━━ Data excerpts

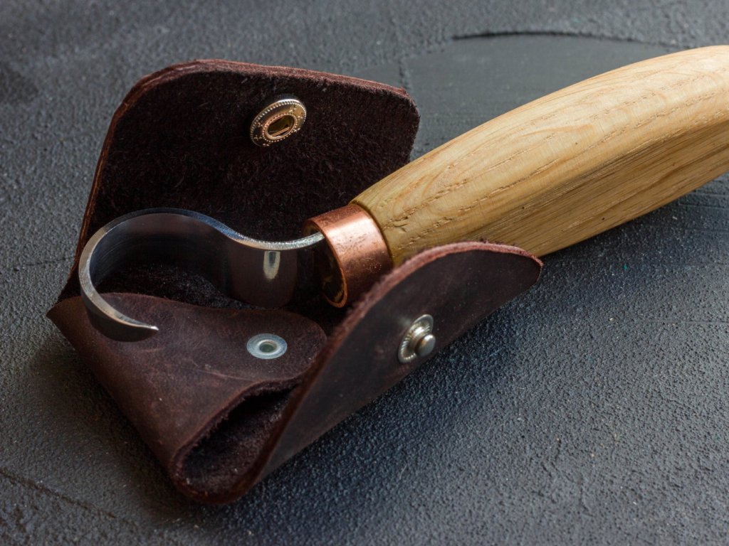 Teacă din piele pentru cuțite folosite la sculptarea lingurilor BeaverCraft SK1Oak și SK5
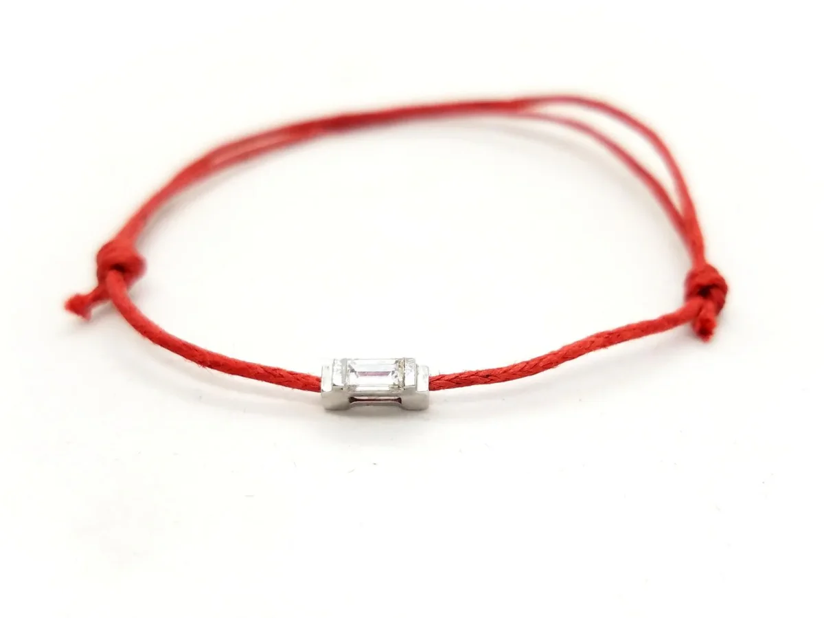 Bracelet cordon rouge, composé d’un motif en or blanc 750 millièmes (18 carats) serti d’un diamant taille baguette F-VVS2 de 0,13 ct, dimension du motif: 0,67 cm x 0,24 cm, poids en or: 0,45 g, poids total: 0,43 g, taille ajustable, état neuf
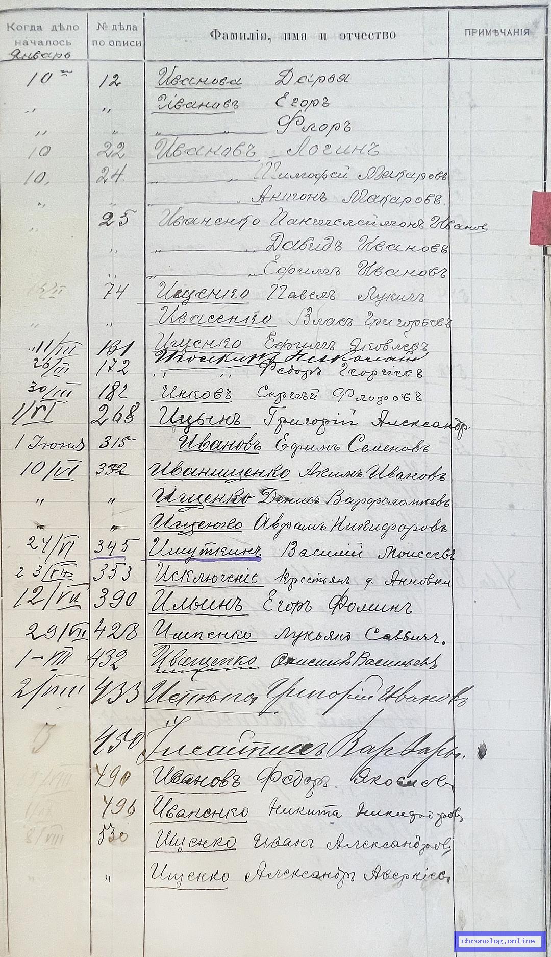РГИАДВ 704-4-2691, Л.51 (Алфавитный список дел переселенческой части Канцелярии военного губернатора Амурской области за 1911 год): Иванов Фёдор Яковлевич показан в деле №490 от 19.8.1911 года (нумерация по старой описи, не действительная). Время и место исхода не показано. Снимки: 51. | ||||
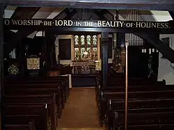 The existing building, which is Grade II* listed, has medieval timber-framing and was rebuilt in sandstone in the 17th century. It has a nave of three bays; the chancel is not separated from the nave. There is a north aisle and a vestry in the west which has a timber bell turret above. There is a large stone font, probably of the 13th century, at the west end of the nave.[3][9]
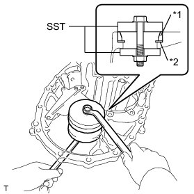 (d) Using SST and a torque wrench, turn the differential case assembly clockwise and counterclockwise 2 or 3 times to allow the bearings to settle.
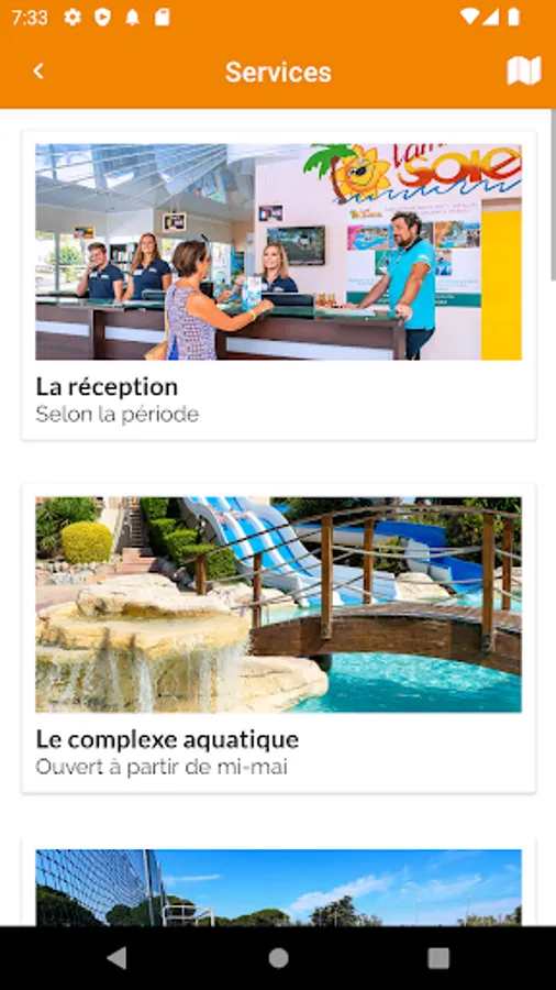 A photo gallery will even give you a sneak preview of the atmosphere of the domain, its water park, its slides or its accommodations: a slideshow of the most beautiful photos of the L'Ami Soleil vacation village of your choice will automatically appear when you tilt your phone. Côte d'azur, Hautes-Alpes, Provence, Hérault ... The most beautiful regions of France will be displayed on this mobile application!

━━━━

Exercise requirements :: Please repeat each line above exactly as it appears, but omit the pictures.

Output ::
 Teacă din piele pentru cuțite folosite la sculptarea lingurilor BeaverCraft SK1Oak și SK5
 Bracelet cordon rouge, composé d’un motif en or blanc 750 millièmes (18 carats) serti d’un diamant taille baguette F-VVS2 de 0,13 ct, dimension du motif: 0,67 cm x 0,24 cm, poids en or: 0,45 g, poids total: 0,43 g, taille ajustable, état neuf
РГИАДВ 704-4-2691, Л.51 (Алфавитный список дел переселенческой части Канцелярии военного губернатора Амурской области за 1911 год): Иванов Фёдор Яковлевич показан в деле №490 от 19.8.1911 года (нумерация по старой описи, не действительная). Время и место исхода не показано. Снимки: 51. | ||||
 The existing building, which is Grade II* listed, has medieval timber-framing and was rebuilt in sandstone in the 17th century. It has a nave of three bays; the chancel is not separated from the nave. There is a north aisle and a vestry in the west which has a timber bell turret above. There is a large stone font, probably of the 13th century, at the west end of the nave.[3][9]
 (d) Using SST and a torque wrench, turn the differential case assembly clockwise and counterclockwise 2 or 3 times to allow the bearings to settle.
 A photo gallery will even give you a sneak preview of the atmosphere of the domain, its water park, its slides or its accommodations: a slideshow of the most beautiful photos of the L'Ami Soleil vacation village of your choice will automatically appear when you tilt your phone. Côte d'azur, Hautes-Alpes, Provence, Hérault ... The most beautiful regions of France will be displayed on this mobile application!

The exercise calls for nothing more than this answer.